Değerli üç numaralı bacanağım Osman Şahin’in babası rahmetli Emir Amca, Malatya ili Hekimhan azası, Kurşunlu nahiyesinin Zahmedin (Güçlü) köyündendi. Zahmedin, kuş uçmaz kervan geçmez bir dağ köyü! Emir Amca Anadolu irfanına sahip, çarıklı erkan-ı harp özelliklerine sahip, güngörmüş bir insandı. Babasından gerek eğitim, gerekse hayat tecrübesi açısından çok şeyler öğrenmiş, özellikle halk hekimliği konusunda tecrübeli bir kişiydi.
O mahrumiyet ve fakirlik ortamında, 7’si oğlan 2’si kız, tam 9 çocuğu olmuş. Son çocuğun doğumunda anne de rahmete kavuşunca 9 çocuğa hem annelik hem de babalık yapmak durumunda kalmış. Erkek çocukların tamamı, önce İmam-Hatip Lisesini bitirmiş, sonra da her biri değişik branşlarda yüksek öğretim görmüş. Kızları da yeteri kadar okuttuktan sonra ev-bark sahibi yapmış.

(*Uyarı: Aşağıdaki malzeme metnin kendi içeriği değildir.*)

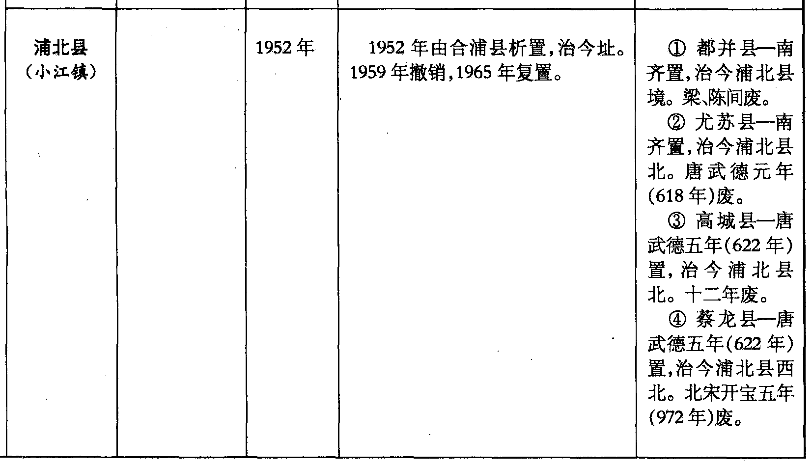 浦北县(小江镇)1952年1952年由合浦县析置,治今址。1959年撤销,1965年复置。❶ 都并县—南齐置,治今浦北县境。梁、陈间废。❷ 尤苏县—南齐置,治今浦北县北。唐武德元年(618年)废。❸ 高城县—唐武德五年(622年)置,治今浦北县北。十二年废。❹ 蔡龙县—唐武德五年(622年)置,治今浦北县西北。北宋开宝五年(972年)废。

Akraba olduktan sonra, bir sohbet sırasında kendisine; “Emir Amca, sen fakir bir köylüyken, o kadar çocuğa nasıl baktın, nasıl büyüttün, hepsini okuttun ve üniversite mezunu yaptın?” diye sordum. Emir Amca; “Doktorum! Bende babamdan miras bir ilim var! Bir insanın kulak memelerinden zeka derecesini anlarım. Çocuklar doğdukça kulak memelerine baktım! Gördüm ki, hepsi birbirinden zekiler! Kendi kendime söz verdim: ‘Madem Cenab-ı Hak bana bu akıllı çocukları bahşetmiş, ben de ne yapıp edip bunları telef etmeyeceğim. Satacağım, savacağım, varımı yoğumu harcayacağım, ama bu çocukları okutacağım!’ Allah yardım etti, çocuklar da beni mahcup etmediler. Çok şükür hepsi bir kesere sap oldular!” diye cevapladı sorumu.
O sırada bizim tıfıllar da ortalıkta koşuşturuyorlar! “Emir Amca, madem sende böyle bir ilim var! Bir de bizim çocukları muayene etsen de ona göre hareket etsek!” diye yarı şaka, yarı ciddi bir ricada bulundum. Emir Amca sırayla; Mehmed’in, Mücahid’in, Bilal’in ve Ahmet Kerim’in kulak memelerini hafifçe ovalayıp yoklayarak muyene etti ve raporu verdi: “Doktorum! Seninkiler de maşallah bizim çocuklar gibi! Hepsi de zehir gibi, birbirinden zeki! Aman bunları zayi etmeyesin!” Emir Amca’dan aldığımız bu direktif üzerine, varımızı yoğumuzu harcadık, icabında şapkamızı, ceketimizi sattık ama çocukları okutmaya da muvaffak olduk! Sağolsun çocuklarımız da emeklerimizi zayi etmediler, her biri kendi alanlarında bir yerlere geldiler, ülkemizin ve dünyamızın değişik noktalarında insanlara hizmet ediyorlar!
Allah, Emir Amca’ya rahmet eylesin, mekanı Cennet olsun!